Local small and medium-sized enterprises (SMEs) generally remain positive towards Hong Kong's business operating environment in the first quarter of 2006, according to the latest findings of a survey conducted by the SME Centre of the Hong Kong Productivity Council (HKPC) in January 2006.

The survey on "Business Operating Environment Index for SMEs", initiated by HKPC in 1998, is conducted quarterly to gauge the views of Hong Kong's SMEs in the areas of market opportunities, financial and investment situation, operating costs, human resources and risk assessment.

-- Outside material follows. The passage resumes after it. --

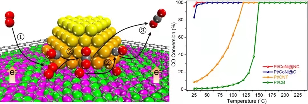 该催化剂在室温下可实现近100%的CO转化率,其性能远高于Pt/C和Pt/CoNiOx催化剂的性能。实验和理论计算表明,O2可以在Pt-石墨烯封装CoNi纳米颗粒的界面处吸附活化,而CO在Pt纳米颗粒上吸附,不与O2吸附产生竞争,从而有效促进了氧气的活化和后续的CO氧化。该工作是“铠甲催化”概念的成功拓展,为室温、高效的新型催化氧化催化剂的设计提供了新思路。

In the latest survey, a total of 559 SMEs were interviewed, of which 306 came from the services sector and 253 from the manufacturing sector.

Commenting on the survey findings, Mr Vincent Li, General Manager (Enterprise Value & Logistics Consultancy) of HKPC said, "Compared to the last quarter's findings, no significant change was reported in the overall index which stood at 6.9%. The overall business sentiment for local SMEs remain positive."

Sub-indexes covering market opportunities, operating costs and human resources all reported no significant variance for the first quarter of 2006, with the indexes scoring -7.4%, 22% and 17.5% respectively. "As local SMEs are generally taking a 'wait and see' attitude towards the market situation, they do not expect major changes in human resources and operation costs in the coming months," Mr Li said.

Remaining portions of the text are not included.